Sorry, but I cannot reproduce your problem. Can you give the steps to reproduce the problem with the code you given? From the information you given, it seems that the connection is broken. Not sure if your slave nodes are down when the assertion hit.

I'm a newbie to Redis so if this is actually expected behavior, my bad.

NO, it's not an expected behavior. If I can reproduce the problem, I'll fix it ASAP.

Regards

prm-james-hill commented 1 year ago

Some details I can add:

I'm making many (i.e. hardware_concurrency) of these clients at once. I can even repro it from creating and commanding them sequentially but it's much, much rarer. I'm guessing the concurrency just makes it more likely for the connection to be broken.
I can't repro it with a local cluster (presumably because the connection never breaks). FYI that my cluster is in AWS ElastiCache, though I assume this doesn't introduce any unique circumstances on the client side. I can't see any evidence of the slave nodes being down.

If that still doesn't help, how hard do you estimate it'd be for me to debug this myself as a newbie to this repo too?

sewenew commented 1 year ago

Thanks for the info! I'll try to reproduce it.

how hard do you estimate it'd be for me to debug this myself as a newbie to this repo too

You can use GDB to debug it. Compile redis-plus-plus in Debug mode, i.e. run cmake with -DCMAKE_BUILD_TYPE=Debug, and run the code in GDB.

Please ensure that you installed one and only one version of hiredis. If your system installs multiple hiredis, e.g. one is installed with make, and the other is installed with apt-get, you might get some wired problem.

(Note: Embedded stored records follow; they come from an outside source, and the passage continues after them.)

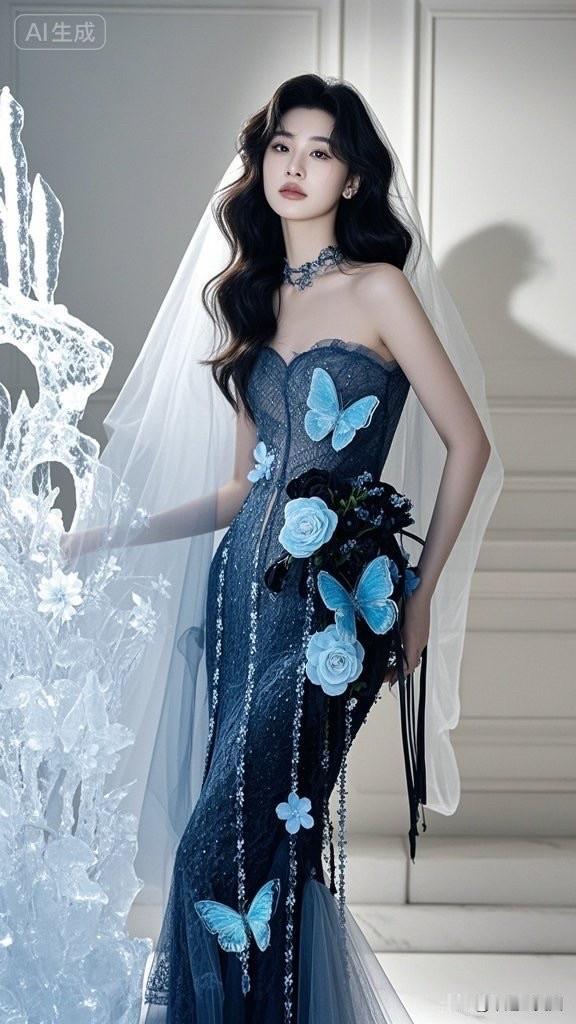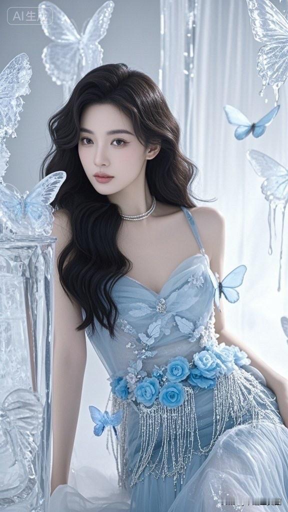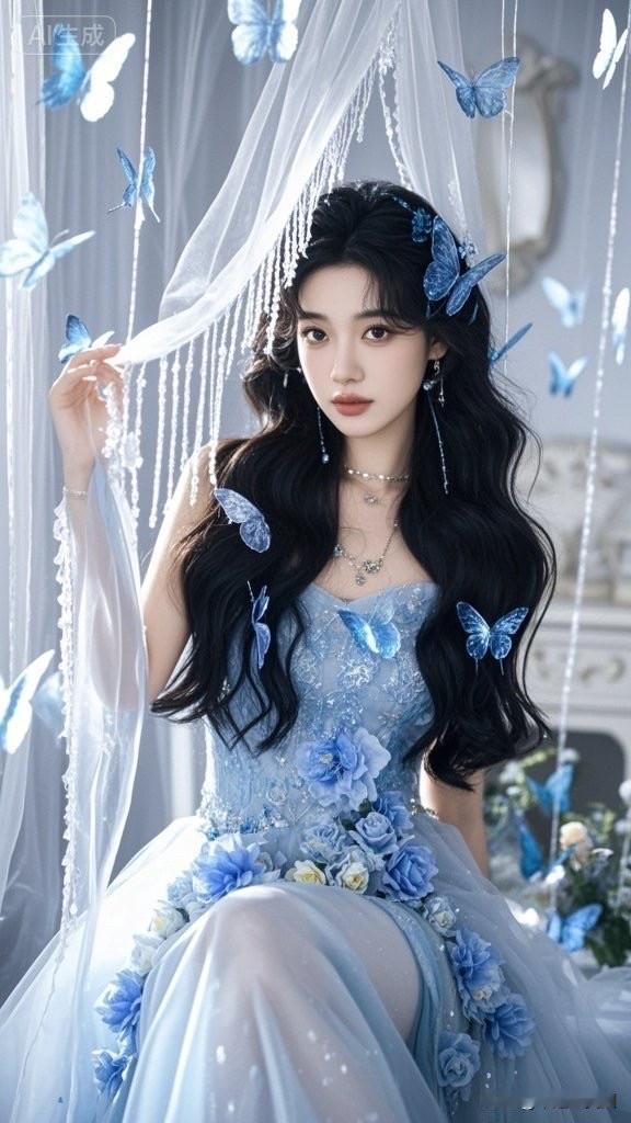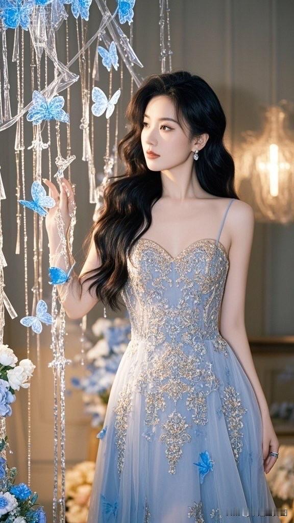 梦幻蓝裙仙女,蝴蝶环绕,唯美仙境
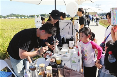 当天上午10时起,崖口村2000亩稻田周边热闹非凡。60多家咖啡馆集体“下乡”,搭建起咖啡生活集市,手冲特调、烘焙轻食、咖啡文创等品类应有尽有,游客穿行稻田间沉浸式感受“稻田+咖啡”的独特魅力。首场“稻田咖话会”上,明品绘咖啡相关负责人围绕“咖啡豆知识”展开快闪公开课,现场讲授选豆技巧、咖啡热词等内容,互动环节还送出多张咖啡消费券,让市民在金色稻田的丰收氛围中,直观感受“稻田+”的生态魅力与乡村业态吸引力。
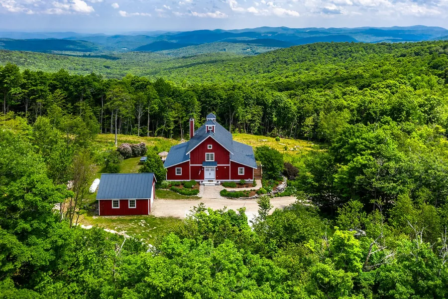 Perched on 4.5 acres bordering State Forest on sought-after Andover Ridge, this custom post and beam has been handsomely appointed and well maintained by its original owners. The front entry is warmed by hand painted walls and wood from a 19th century barn. French doors open into a great room with cathedral ceiling, a striking bluestone fireplace, and a panoramic view to Mount Monadnock. The open kitchen has Shaker cherry cabinets and granite counters. An adjoining mudroom with side entrance keeps your ski gear out of the living area. The light-filled office/studio leads to a cozy screen porch. A wraparound deck has Adirondack chairs where you can lounge with a drink and a good book, an umbrella table and chairs for al fresco dining, and a hot tub for relaxing under the stars. The private master suite is above the entry, and the main and lower floors each has a bedroom with Jack and Jill bath. The lower floor features a game room/entertainment room, a home gym, large laundry room, and a workshop/mechanical room with storage. Walk out to the swing and fire pit, stroll the mountain gardens or sled down your own hill. A detached garage provides space for vehicles, toys and equipment. Private yet close to VAST Trails, only 5 minutes from vibrant Weston with its famed Playhouse and Vermont Country Store, and 20 minutes to Okemo Mountain. Being sold furnished, with fiber optic internet and full house generator, this property has it all. Come see it before it's gone!
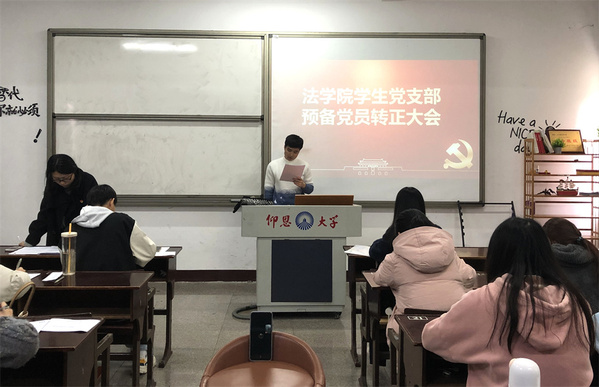 12月13日,MILE米乐集团学生党支部于普照楼201室召开预备党员转正会议,大会的主要议题是讨论关于林毅斌、王晓远等二十三名同志转为正式党员的问题。会议由学生党支部书记吴姗姗主持,支部全体党员参加。
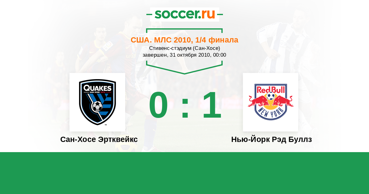 США. МЛС 29.08.2010 Нью-Йорк Рэд Буллз Логотип футбольный клуб Нью-Йорк Рэд Буллз 2:0 Логотип футбольный клуб Сан-Хосе Эртквейкс Сан-Хосе Эртквейкс
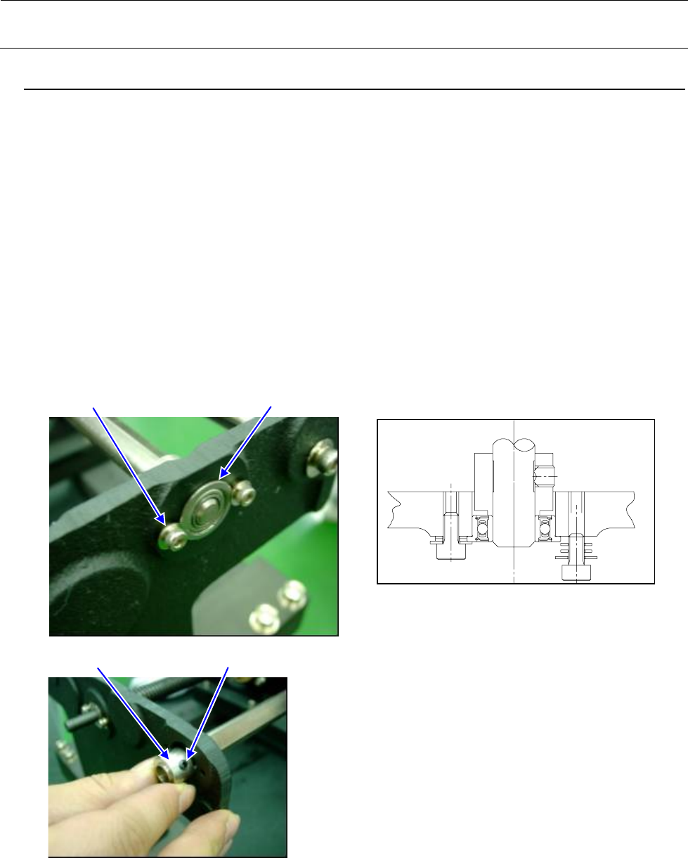 维修调整要领书 5-7 5-5 -2 . 传送电动机用同步皮带的更换 1 ) 要更换 IN/O UT 电动机的同步皮带时,依照【 5-3 】的步骤 2 )卸下同步皮带;更换 CENTER 电动 机的同步皮带时,依照【 5-4 】的步骤 2 )。 2 ) 拆下从动侧轨道架的轴承固定螺丝 ① ,卸下轴承 ② 。 ※ 注)固定螺丝使用 3 片垫圈。卸下时请注意不要丢失 3 ) 松开限动环定位螺丝 ③ ,从驱动轴上拆下限动环 ④ 。 4 ) 将…
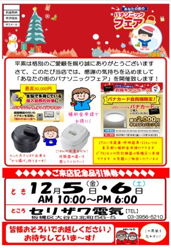 長引く夏に連日振り回され バタバタの毎日でしたが 気が付けば今年も冬のパナソニックフェアの季節となりました
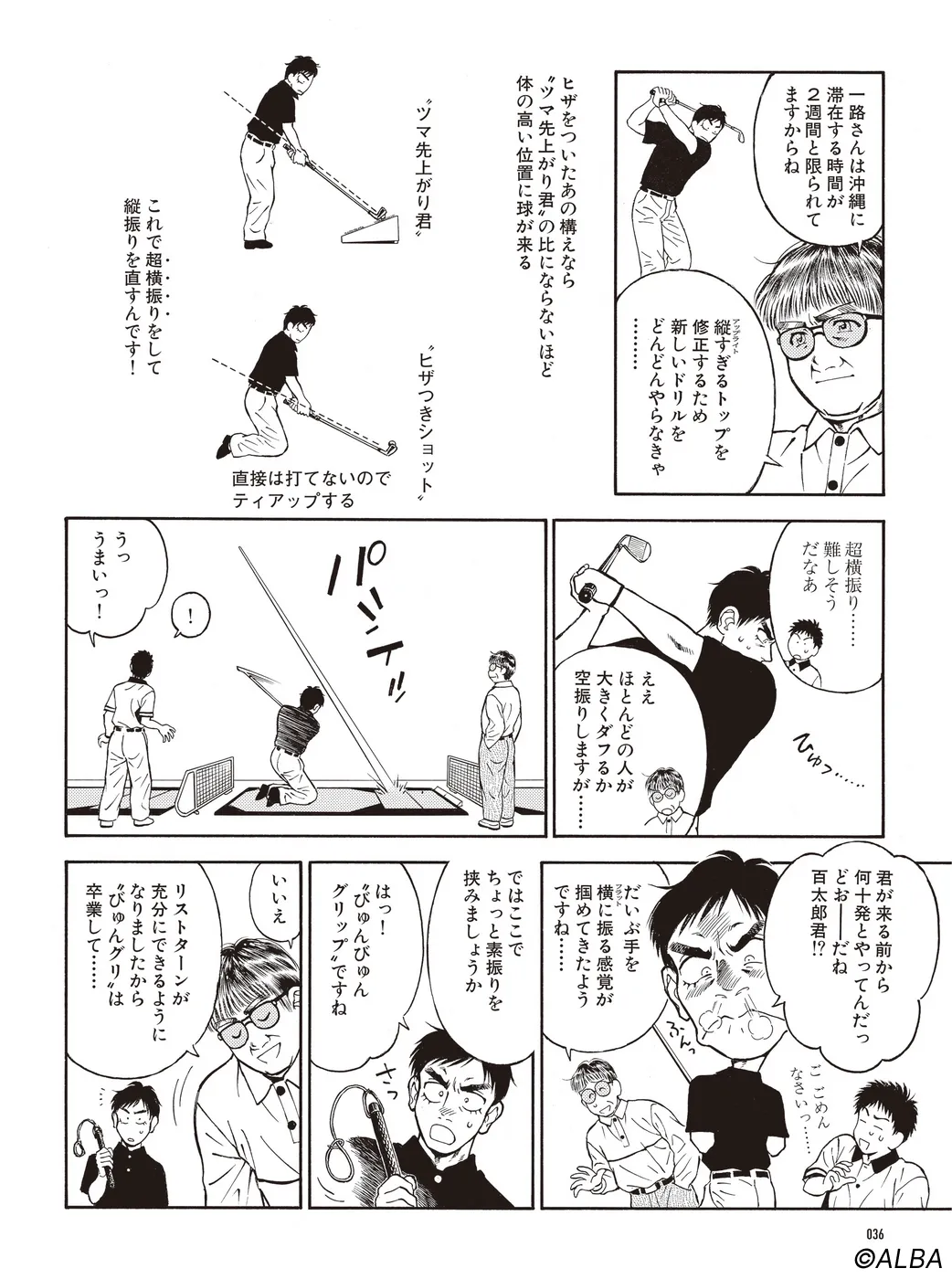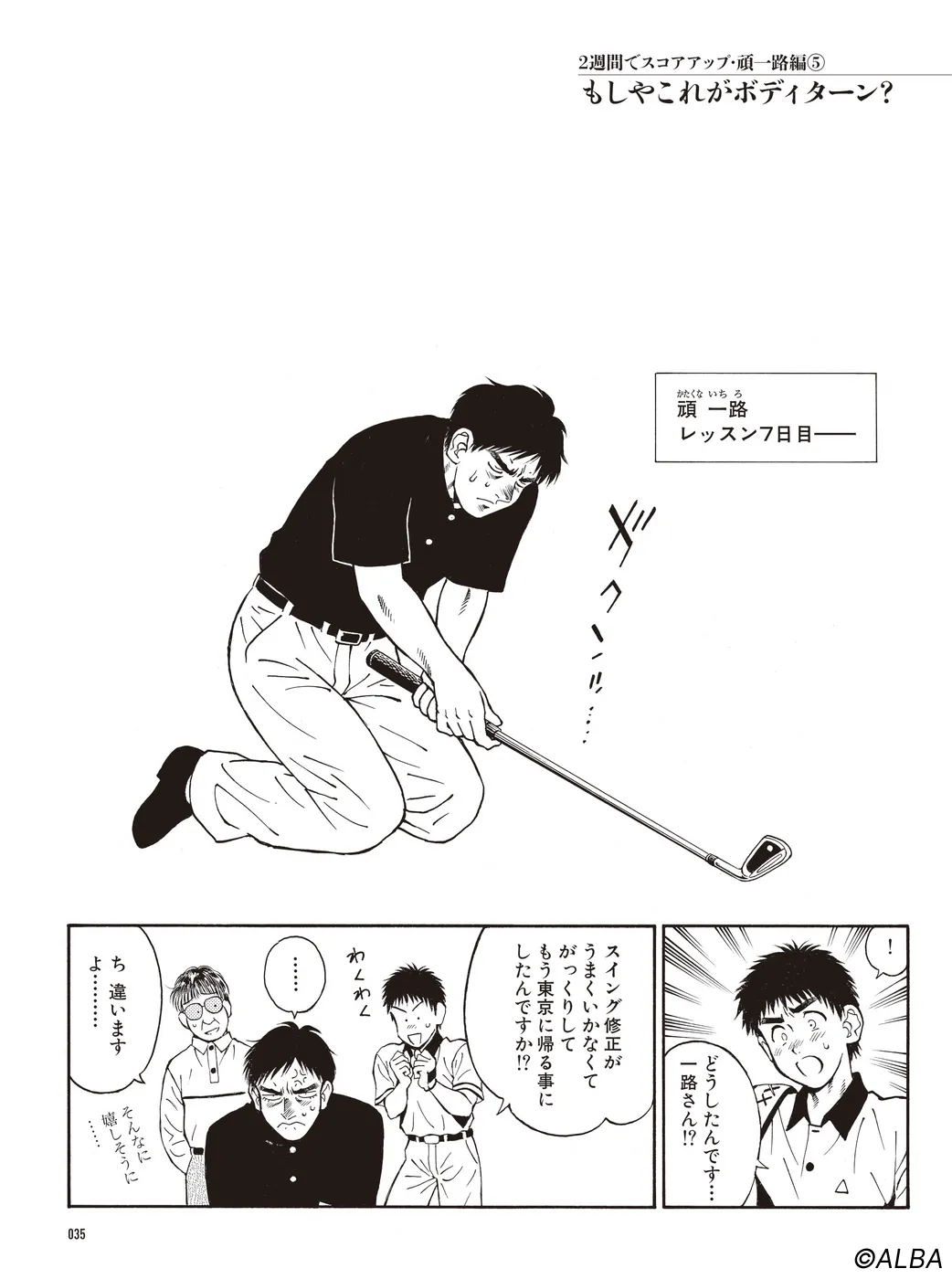【2週間でスコアアップ 頑一路編|シリーズ概要】目前に迫った社内コンペで結果を出すために、宮里流の指導を受けるべく、はるばる東京からやってきた頑一路(かたくな いちろ)。限られた2週間という期間のなかで、宮里流の真髄を体得することができるのか…。(指導:宮里優/脚本:かわさき健/作画:本島幸久)

Also you can try to uninstall redis-plus-plus and hiredis, and do a reinstall before debugging the code.

Regards

prm-james-hill commented 1 year ago

@sewenew I spent some time looking into this today. The issue seems to be that, for a particular connection, the following series of events is possible:

State is set to CONNECTING
The READONLY command is sent
State is set to ENABLE_READONLY
State is set to BROKEN
The response for the READONLY command arrives, and the state is still expected to be ENABLE_READONLY

It’s not clear to me how the ordering of the last two events is possible (e.g. if it’s network reordering, or if the BROKEN logic is triggered in redis-plus-plus before hiredis can use the callback for the READONLY command). Even if you can’t repro the issue, maybe it’s obvious to you how this is possible.

As far as I can tell, the broken connection never has any pending events, so a potential workaround is just having the first case in connect_callback()’s switch statement be:

        case State::BROKEN:
            break;

But there’s a lot I still don’t understand about the codebase so maybe this is bad (e.g. will these broken connections just stay alive and accumulate?)

sewenew commented 1 year ago

Thanks for your debugging info!

If step 4 happens, i.e. the connection is broken, it should not call readonly command’s callback, instead, it should call an error callback. I’m not sure it’s a hiredis bug, or I misused hiredis’ api.

Sorry, but I’m on vacation and cannot debug it. I’ll look into it when I go back to work.

Regards

发件人: James @.> 发送时间: Sunday, April 30, 2023 10:15:13 AM 收件人: sewenew/redis-plus-plus @.> 抄送: sewenew @.>; Mention @.> 主题: Re: [sewenew/redis-plus-plus] [BUG] Failing assert when using AsyncRedisCluster with Role::SLAVE (Issue #472)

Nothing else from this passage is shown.